On yes remember those days I started in 1980 on the Joe at BH, my god lots of fish and people from all over the country, like it better now with the less fish and people.



BG


----------



## Kory (Oct 7, 2007)

Looks like we spoke to soon...

The river has been PACKED with people and boats since Thursday. Fishing isn't outstanding or anything just TONS of people...

Seen more Ohio registered boats than ever before...


----------



## fishing-finlander (Sep 30, 2008)

Thats allright Kory, pretty soon Ohio is going to be going off, and they'll see the same.:lol:


----------



## redhunter1012 (Sep 19, 2008)

4 of those Ohio Boats were frm My dad and my Uncles. On thursday morning we got to BS and started fishing around 10 a.m. Landed out first King on a black and silver shallow diver in the sidestream along the bouy line at the dam about 60' behind the boatat around 12:30. Aboit 10 minutes later we had another on the same rod bust lost it. At about 3 or so I landed a 30" Laker on the same lure same spot. Then we went to meet Steve and pick up the spawn he graciously offered. Beautiful house and area Steve. Made it back out around 5:30 and I landed another King and lost a Steelie right before Dark on that free spawn fishing the same stretch as the bank fishermen near the ladder side. We fished that same spot the next day and managed a big King around 20lbs, and a 8lb female Steelie on Spawn. We also managed 2 more lakers at 31" and 27", one being loaded with hard eggs, and a smaller 4lb male steelie, all on the same smaller shallow divers. My uncles only managed 2 kings and 1 Laker between all of them. Saturday we all got skunked. Didn't see hardly any fish caught except the snaggers casting along the buoys. Thank you very much Steve for everything you did for us. Good luck in Alaska.


----------



## Kory (Oct 7, 2007)

redhunter1012 said:


> 4 of those Ohio Boats were frm My dad and my Uncles. On thursday morning we got to BS and started fishing around 10 a.m. Landed out first King on a black and silver shallow diver in the sidestream along the bouy line at the dam about 60' behind the boatat around 12:30. Aboit 10 minutes later we had another on the same rod bust lost it. At about 3 or so I landed a 30" Laker on the same lure same spot. Then we went to meet Steve and pick up the spawn he graciously offered. Beautiful house and area Steve. Made it back out around 5:30 and I landed another King and lost a Steelie right before Dark on that free spawn fishing the same stretch as the bank fishermen near the ladder side. We fished that same spot the next day and managed a big King around 20lbs, and a 8lb female Steelie on Spawn. We also managed 2 more lakers at 31" and 27", one being loaded with hard eggs, and a smaller 4lb male steelie, all on the same smaller shallow divers. My uncles only managed 2 kings and 1 Laker between all of them. Saturday we all got skunked. Didn't see hardly any fish caught except the snaggers casting along the buoys. Thank you very much Steve for everything you did for us. Good luck in Alaska.


 
These guys parked their boats side by side in the run and were walking plugs and skein back down the entire run where everyone was trying to fish. Came in and dropped anchor right where I had been casting prior to them getting there Friday evening after they seen me hook a couple Skams, Ridiculous...
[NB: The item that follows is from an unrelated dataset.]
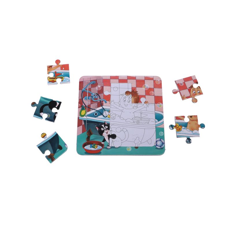 پازلها یا جورچینها از آن دسته وسایل سرگرمی هستند که علاوه بر فواید زیادی که برای آنها برمیشمارند، طیف وسیعی از گروههای سنی را هم در بر میگیرند. نکتهی مهم در انتخاب پازل برای فرد تعداد قطعات و اندازهی قطعات آن است. هر یک از پازلهای پسر و پیشی دارای ۹ قطعه است و برای کودکانی مناسب است که قبلاً پازلهای دو قطعهای، چهار قطعهای و یا شش قطعهای را به راحتی انجام داده باشند. هر پازل نشانگر یکی از فعالیتهای روزمرهای است که کودکان انجام میدهند، مثل غذا خوردن، بازی کردن، حمام کردن و غیره. هنگام درست کردن پازل میتوان در مورد هر فعالیت با کودکان گفتگو و مواردی که باید رعایت شود را گوشزد کرد.

You guys were lucky it was me as any other regular would have been bouncing lead off you and your boats...

You want to anchor on the other side of the run above the island and cast to the same water I am fishing that is perfectly fine by me, but dropping your anchor right where I am fishing and then letting lines out way behind the boat screwing everyone is just plain rude. You would have caught more fish Friday evening had you not been anchored directly on top of where they hold...


----------



## steelheader12345 (Oct 5, 2006)

Kory said:


> These guys parked their boats side by side in the run and were walking plugs and skein back down the entire run where everyone was trying to fish. Came in and dropped anchor right where I had been casting prior to them getting there Friday evening after they seen me hook a couple Skams, Ridiculous...
> 
> You guys were lucky it was me as any other regular would have been bouncing lead off you and your boats...
> 
> You want to anchor on the other side of the run above the island and cast to the same water I am fishing that is perfectly fine by me, but dropping your anchor right where I am fishing and then letting lines out way behind the boat screwing everyone is just plain rude. You would have caught more fish Friday evening had you not been anchored directly on top of where they hold...


Nicely said!! I hate it when guys do that!


----------



## redhunter1012 (Sep 19, 2008)

Uhh, I think your confused. We were the boat furthest away from you. We actually were fishing maybe 30' behind the boat when we hooked all our fish Friday. You woulda had to have 3 oz lead to cast that far. That other boat between us was my Uncle and they were already there when we got back up there so I wasn't aware of any conflict, although I thought they were a little too far in there. I know Dad and I are always respectful to the shore fishermen just due to the fact that we do the same as you fishing the Walleye run on the Maumee and encounter the same problems. Honestly, I know we weren't interfering, but I apologize for my relatives if they were. I know they had limited success, and only got fish downstream on Friday.


----------



## Kory (Oct 7, 2007)

redhunter1012 said:


> Uhh, I think your confused. We were the boat furthest away from you. We actually were fishing maybe 30' behind the boat when we hooked all our fish Friday. You woulda had to have 3 oz lead to cast that far. That other boat between us was my Uncle and they were already there when we got back up there so I wasn't aware of any conflict, although I thought they were a little too far in there. I know Dad and I are always respectful to the shore fishermen just due to the fact that we do the same as you fishing the Walleye run on the Maumee and encounter the same problems. Honestly, I know we weren't interfering, but I apologize for my relatives if they were. I know they had limited success, and only got fish downstream on Friday.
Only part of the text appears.